For example, the temperature of each city on each day is available on the internet; however you cannot analyze the temperature distribution or trends unless all of this data is captured into a single database.
In this case, a targeted crawler could automate the collection of data from sites such as weather.com and automatically save the temperature by date and city. Our intelligent crawler would learn the structure of the target website and automatically capture data for all of the cities. Our targeted crawlers are even capable of grabbing other parameters such as region or country, and storing them in a properly structured hierachy. Now, with a detailed historical temperature database, you can do all kinds of analysis!
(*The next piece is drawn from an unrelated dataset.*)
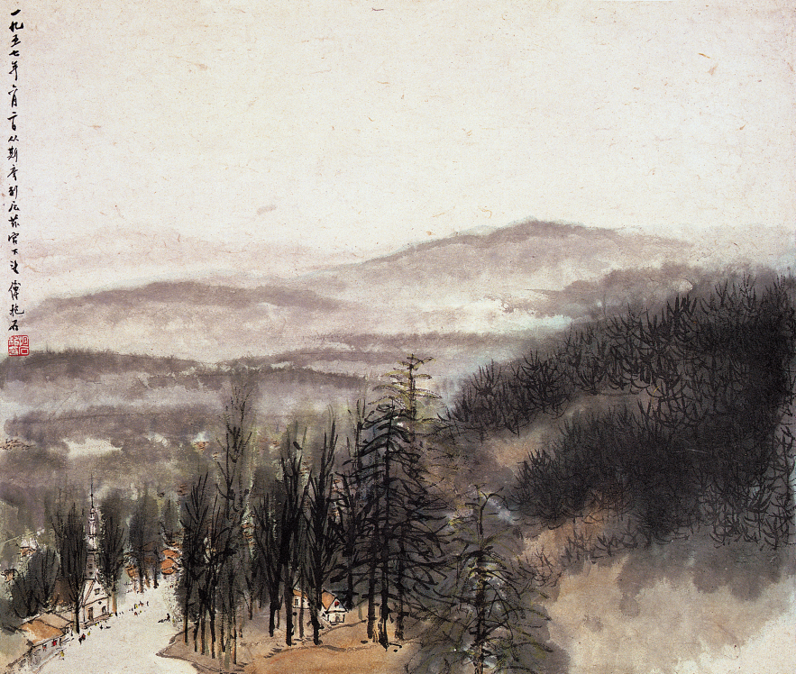 Looking down from Smolenice Palace, ink and color on paper, 1957, from the collection of Nanjing Museum [Photo/Official WeChat account of Nanjing Museum]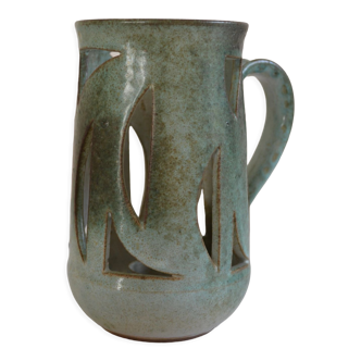 Original vase. Beige and old pink enamelled earth. Assembled earth pieces technique. Wire mesh appearance on the front. Unique piece. Signed r 2015. Only for dried flowers.l10xh15xp10. Ref2007.

In addition to downloading information from the public domain, crawlers also work as general purpose data transformers. We have developed crawlers that convert data among various database systems, Excel spreadsheets, XML feeds and plain text files. These data conversions often involve schema transformations, too.
Writing a crawler can be challenging; it is often regarded as a black art. Websites are generated by many different serverside technologies such as JSP, .NET or PHP frameworks. In addition to having an intimate knowledge of the inner workings of each language, crawler writers must also attempt to reverse the original author's intent.
A crawling system typically consists of the following components:
- Content Fetching
- Content Scraping
- Browser Action Emulation
- Site Traversal
- Storage Structuring
- Entity Reconciliation
When we deliver crawlers, we also enable our customers the sustained ability to acquire and consume external information.